Обычные дорожные решетки — такими сейчас ограждают улицу, когда ожидается какая-нибудь демонстрация. (Жизнь и искусство в момент премьеры «Нуреева» подмигнули друг другу — вход в Большой обнесли именно такими заграждениями; дирекция, видимо, опасалась, что те балетоманы, кому не досталось билетов, пойдут на штурм.) Эти железные штуковины начинают выносить на сцену, когда еще пляшут комсомольцы, — и вот балетные артисты Мариинского (тогда Кировского) театра, только что показывавшие иноземцам, как славно живется в СССР, уже сидят по одиночке за такими решетками. Это они уже на парижских гастролях; аукционист зачитывает письмо, где сопровождающий группу пишет о беззаконных прогулках и нежелательных знакомствах Нуреева. Ведь из гостиницы запрещено выходить без сопровождения уполномоченных лиц — а Нуреев чихать хотел на эти запреты. И вот вам, пожалуйста, картинка: артисты, чувствующие себя в своем номере как в тюрьме, тихо сидят на полу. И только Руди бродит потерянно между решетками, всматриваясь в друзей, озираясь по сторонам. Что, вот это — жизнь? Что, так будет всегда? И сигает через решетку.

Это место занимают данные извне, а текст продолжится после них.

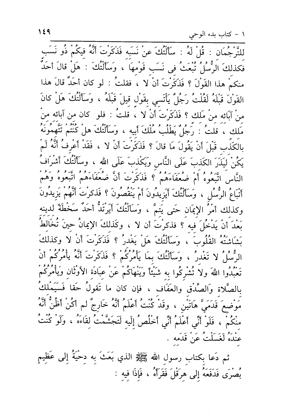 لِلتَّرْجُمَانِ: قُلْ لَهُ: سَأَلْتُكَ عَنْ نَسَبِهِ فَذَكَرْتَ أَنَّهُ فِيكُمْ ذُو نَسَبٍ، فَكَذَلِكَ الرُّسُلُ تُبْعَثُ فِي نَسَبِ قَوْمِهَا. وَسَأَلْتُكَ هَلْ قَالَ أَحَدٌ مِنْكُمْ هَذَا القَوْلَ، فَذَكَرْتَ أَنْ لاَ، فَقُلْتُ: لَوْ كَانَ أَحَدٌ قَالَ هَذَا القَوْلَ قَبْلَهُ، لَقُلْتُ رَجُلٌ يَأْتَسِي بِقَوْلٍ قِيلَ قَبْلَهُ. وَسَأَلْتُكَ هَلْ كَانَ مِنْ آبَائِهِ مِنْ مَلِكٍ، فَذَكَرْتَ أَنْ لاَ، قُلْتُ فَلَوْ كَانَ مِنْ آبَائِهِ مِنْ مَلِكٍ، قُلْتُ رَجُلٌ يَطْلُبُ مُلْكَ أَبِيهِ، وَسَأَلْتُكَ، هَلْ كُنْتُمْ تَتَّهِمُونَهُ بِالكَذِبِ قَبْلَ أَنْ يَقُولَ مَا قَالَ، فَذَكَرْتَ أَنْ لاَ، فَقَدْ أَعْرِفُ أَنَّهُ لَمْ يَكُنْ لِيَذَرَ الكَذِبَ عَلَى النَّاسِ وَيَكْذِبَ عَلَى اللَّهِ. وَسَأَلْتُكَ أَشْرَافُ النَّاسِ اتَّبَعُوهُ أَمْ ضُعَفَاؤُهُمْ، فَذَكَرْتَ أَنَّ ضُعَفَاءَهُمُ اتَّبَعُوهُ، وَهُمْ أَتْبَاعُ الرُّسُلِ. وَسَأَلْتُكَ أَيَزِيدُونَ أَمْ يَنْقُصُونَ، فَذَكَرْتَ أَنَّهُمْ يَزِيدُونَ، وَكَذَلِكَ أَمْرُ الإِيمَانِ حَتَّى يَتِمَّ. وَسَأَلْتُكَ أَيَرْتَدُّ أَحَدٌ سَخْطَةً لِدِينِهِ بَعْدَ أَنْ يَدْخُلَ فِيهِ، فَذَكَرْتَ أَنْ لاَ، وَكَذَلِكَ الإِيمَانُ حِينَ تُخَالِطُ بَشَاشَتُهُ القُلُوبَ. وَسَأَلْتُكَ هَلْ يَغْدِرُ، فَذَكَرْتَ أَنْ لاَ، وَكَذَلِكَ الرُّسُلُ لاَ تَغْدِرُ. وَسَأَلْتُكَ بِمَا يَأْمُرُكُمْ، فَذَكَرْتَ أَنَّهُ يَأْمُرُكُمْ أَنْ تَعْبُدُوا اللَّهَ وَلاَ تُشْرِكُوا بِهِ شَيْئًا، وَيَنْهَاكُمْ عَنْ عِبَادَةِ الأَوْثَانِ، وَيَأْمُرُكُمْ بِالصَّلاَةِ وَالصِّدْقِ وَالعَفَافِ، فَإِنْ كَانَ مَا تَقُولُ حَقًّا فَسَيَمْلِكُ مَوْضِعَ قَدَمَيَّ هَاتَيْنِ، وَقَدْ كُنْتُ أَعْلَمُ أَنَّهُ خَارِجٌ، لَمْ أَكُنْ أَظُنُّ أَنَّهُ مِنْكُمْ، فَلَوْ أَنِّي أَعْلَمُ أَنِّي أَخْلُصُ إِلَيْهِ لَتَجَشَّمْتُ لِقَاءَهُ، وَلَوْ كُنْتُ عِنْدَهُ لَغَسَلْتُ عَنْ قَدَمِهِ. ثُمَّ دَعَا بِكِتَابِ رَسُولِ اللَّهِ صَلَّى اللهُ عَلَيْهِ وَسَلَّمَ الَّذِي بَعَثَ بِهِ دِحْيَةُ إِلَى عَظِيمِ بُصْرَى، فَدَفَعَهُ إِلَى هِرَقْلَ، فَقَرَأَهُ فَإِذَا فِيهِ:

Вольность парижских нравов затем представлена сценой в Булонском лесу, где ищущие приключений джентльмены флиртуют с себе подобными (эта сцена, где парни танцуют в женских нарядах, вызывала особенный ропот блюстителей театральных нравов до премьеры; после все как-то успокоились — может быть, потому, что она вышла не очень эффектной). Фотосессия в студии Ричарда Аведона получилась ярче: Нуреев начинает с простых позировок — и вот уже бешено танцует на столе, прикрывая полой пальто то, что на самом деле во время этой съемки танцовщик не скрывал. Вокруг стола тьмой черных пчел носятся фотографы; «получающиеся» снимки Аведона проецируются на задник. (Тут надо сказать, что проекция так неярка и так наведена на декорацию, что ничего запретного никто не разглядит.) Именно в этой сцене виден след цензуры, поработавшей после отмены премьеры, — на июльских прогонах гордость Нуреева было видно хорошо.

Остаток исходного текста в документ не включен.